Pakistan and Sri Lanka have come together and called for breaking the stalemate in the South Asian Association for Regional Cooperation (SAARC), and emphasised that the forum should be kept intact despite the ongoing differences. A logical and peaceful demand, in the face of an aggressive India, whose refusal to attend the last SAARC conference in Pakistan last year has made the SAARC almost redundant.

A panel discussion on “SAARC: Its Impediments and Way Forward”, was organised by the High Commission of Pakistan in Sri Lanka and the premier national security think tank, Institute of National Security Studies Sri Lanka (INSSSL), where workable solutions to longstanding issues such as the conflict between Pakistan and India on Kashmir were discussed.

Pakistan has time and again displayed goodwill on its part and expressed its desire to initiate dialogue.

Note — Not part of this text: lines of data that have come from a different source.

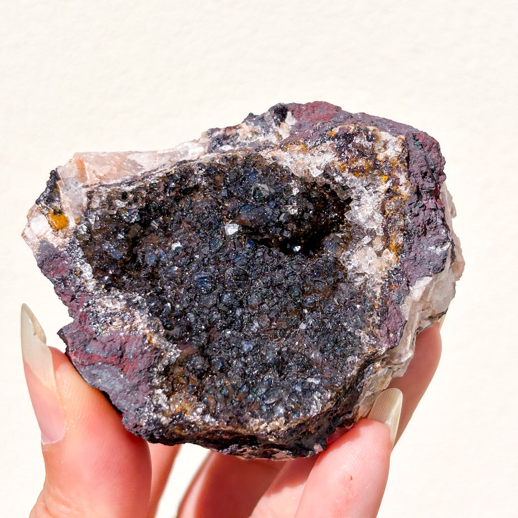 Sourced from Morocco, this manganese quartz cluster features a deep, rich burgundy brown finish with a subtle sparkling shine. Its earthy tones and natural shimmer make it a unique and eye-catching piece.
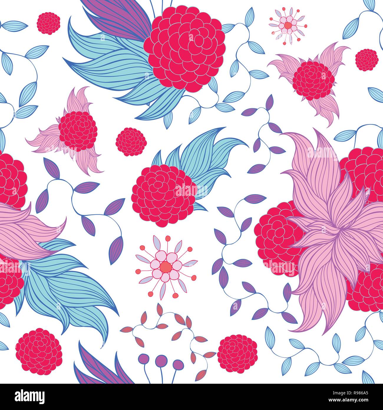 Colorful Floral Seamless Wallpaper With Magnetic Hand Drawn
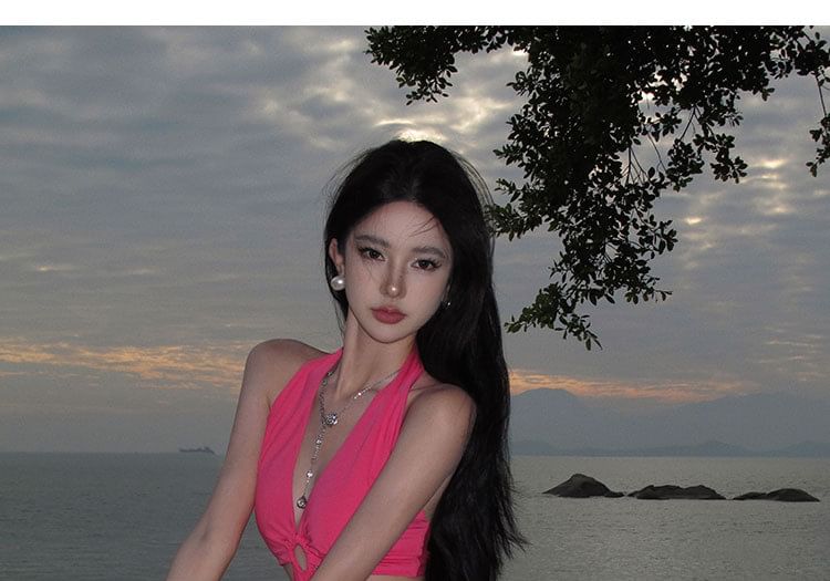Plain Neck Midi Dress Halter Cutout Bodycon
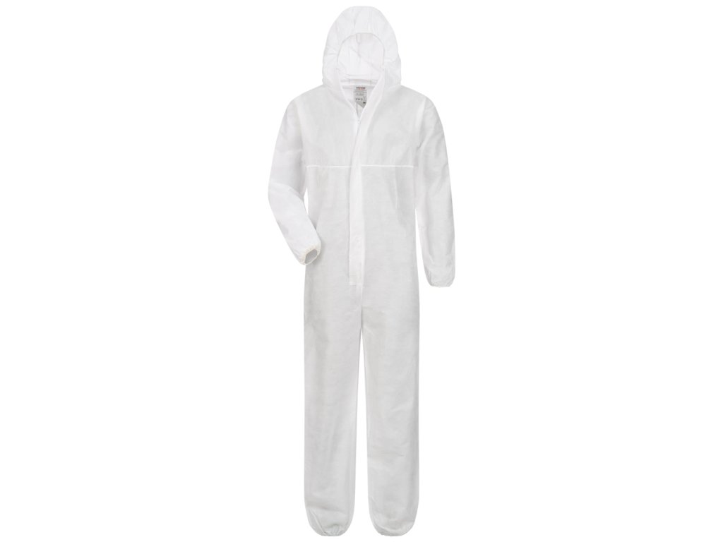 jednorazová, priedušná kombinéza s kapucňou z netkanej textílie,

Last month, Pakistan sent back an Indian soldier who crossed the Line of Control, on humanitarian grounds. India has responded to this kind gesture by indulging in unprovoked cross border firing, violating the LoC despite our protests, killing an innocent man belonging from the Khuiratta sector. Pakistan’s Ministry of Foreign affairs said in a statement, “Despite Indian belligerence, Pakistan believes in peaceful neighbourhood and rejects all actions aimed at undermining regional peace and security”, and India’s provocations are on display for the international community, no matter the rhetoric it cooks up in its media.

As an organisation, SAARC does not tackle the bilateral issues of India and Pakistan, a condition built into its charter, making it a non-threatening forum for regional trade and peace. Indian resistance to meeting Pakistan at SAARC is petty and selfish. India maybe prepared to throw it all away to appease a political party of extremists, but other member states should realise the benefits of the forum as a non-controversial platform to erect some semblance of good will upon.